Apache Kafka is an event streaming platform used to process streaming data in real time.

AWS MSK (Amazon Managed Streaming for Apache Kafka)

Amazon MSK is a fully managed service for Apache Kafka, enabling the easy setup and management of Kafka clusters.

AWS MSK Connect

MSK Connect simplifies the process of streaming data to and from Apache Kafka clusters.

Kafka REST Proxy

The Confluent REST Proxy provides a RESTful interface to interact with Kafka clusters, allowing message production, consumption, and cluster administration via HTTP requests.

AWS API Gateway

Amazon API Gateway is a managed service that facilitates the creation, publication, maintenance, and security of APIs.

Apache Spark

Apache Spark is a powerful engine for data processing, enabling large-scale data engineering and machine learning.

PySpark

PySpark is the Python API for Apache Spark, used for real-time, distributed data processing.

Databricks

Databricks is a platform that provides tools for running Apache Spark applications, used in this project for batch and stream data processing.

Setup

Setting up the EC2 Instance & Apache Kafka

  1. Create a Key Pair File:

    • In the AWS console, generate a key-pair file for authentication.
  2. Configure Security Groups:

    • Create a security group with rules allowing HTTP, HTTPS, and SSH access.
  3. Launch an EC2 Instance:

    • Use the Amazon Linux 2 AMI to create an EC2 instance and install Kafka and IAM MSK authentication packages on the client EC2 machine.
  4. Configure Kafka Client Properties:

    • Modify the Kafka client properties to enable AWS IAM authentication.

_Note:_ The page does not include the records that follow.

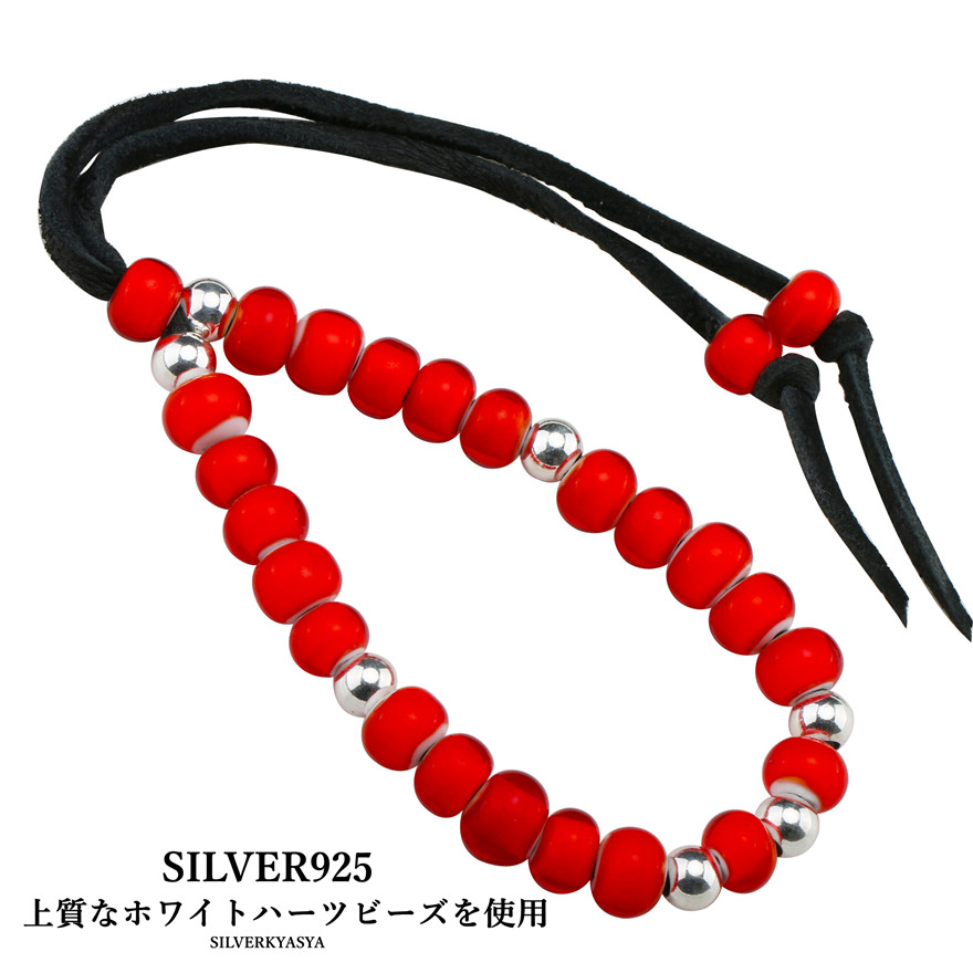 シルバー925 ホワイトハーツ ビーズ ブレスレット メンズ レディース ブレスレット 赤 ハンドメイド 本革
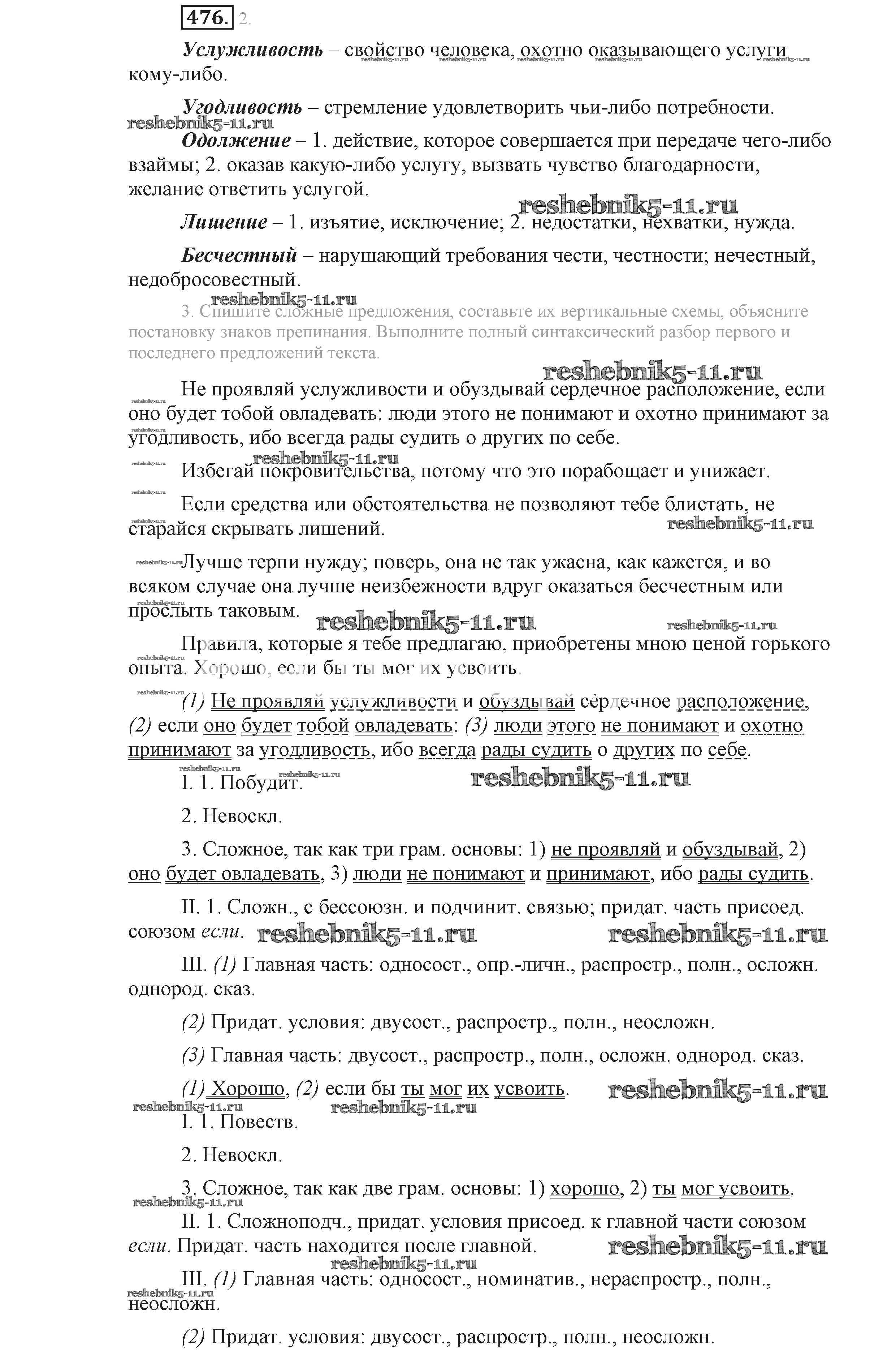Готовая домашняя работа с ответами по Русскому языку за 9 класс Львова, Львов Учебник Мнемозина 2016 ФГОС - Упражнения 476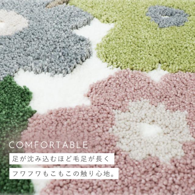ふっくらと柔らかな糸を高密度に敷き詰めふかふかの仕上がり。フラワー柄は毛足の長さに変化をつけ立体感のある仕上がりに。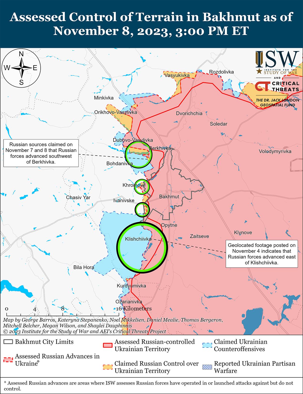 Российские войска продолжили наступательные действия в районе Бахмута и, как сообщается, продвинулись 8 ноября. Российские военные блогеры утверждали, что российские войска продвинулись незначительно от Берховка (6 км к северо-западу от Бахмута) в направлении Богдановка (6 км к северо-западу от Бахмута). [30] Один российский блогер утверждал, что российские войска также успешно контратаковали в районе Клещеевки (7 км к юго-западу от Бахмута), а другой блогер утверждал, что российские войска вновь вошли в населенный пункт. [31] Однако ISW не обнаружил визуальных доказательств этих утверждений. Генеральный штаб Вооруженных сил Украины сообщил, что украинские силы отразили атаки россиян в районах населенных пунктов Богдановка, Хромово (непосредственно к западу от Бахмута), Ивановское (6 км к западу от Бахмута), Клещеевка (7 км к юго-западу от Бахмута) и Андреевка (10 км к юго-западу от Бахмута). [32]

Client.properties should be configured in a similar manner to the image below to enable AWS IAM authentication and establish the connection between your EC2 alt text for screen readers
  5. Create MSK Clusters and Kafka Topics:

    • Set up Amazon MSK clusters and create Kafka topics for the three data tables.

Connecting MSK Cluster to an S3 Bucket

  1. Create an S3 Bucket:

    • Create an S3 bucket to store the data extracted from the MSK cluster.
  2. Create an IAM Role:

    • Set up an IAM role with permissions to write to the S3 bucket.
  3. Create a VPC Endpoint:

    • Establish a VPC endpoint to connect the MSK cluster directly to the S3 bucket.
  4. Set up MSK Connect:

    • Create a connector using a custom plug-in associated with the IAM role to stream data from MSK to the S3 bucket.

Configuring API in AWS API Gateway

  1. Create and Configure an API:
    • Set up a REST API in AWS API Gateway, create child resources, and configure methods to interact with the Kinesis streams.

Configuration of API Endpoints

API Endpoints

  1. Deploy the API:
    • Deploy the API to obtain an invoke URL, which is used to send data to the Kafka topics via the API.

Setting up Kafka REST Proxy on the EC2 Client

  1. Install Confluent Package:

    • Install the Confluent package for Kafka REST Proxy on the EC2 client machine.
  2. Configure the kafka-rest.properties:

    • Modify the properties file to specify the bootstrap server and IAM role, see an example below.

alt text for screen readers

  1. Deploy the REST Proxy API:
    • Deploy the API and use it to send data to Kafka topics.

Batch Processing

Data Cleaning

To perform batch processing:

  1. Mount the S3 Bucket in Databricks:

    • Mount the S3 bucket to Databricks and load the data into DataFrames.
  2. Clean the Data:

    • Use PySpark to clean the data by removing duplicates, renaming columns, handling null values, and converting data types.
  3. Automate Processing with MWAA:

    • Set up MWAA to trigger Databricks notebooks automatically, using a DAG file for scheduling.

Data Analysis

The batch_queries.ipynb notebook contains queries to analyze the cleaned data, providing insights such as popular Pinterest categories, follower counts, and user activity over time.

Stream Processing

Creating Data Streams with Kinesis

  1. Create Kinesis Streams:
    • Create three streams in Kinesis for the pin, geo, and user data.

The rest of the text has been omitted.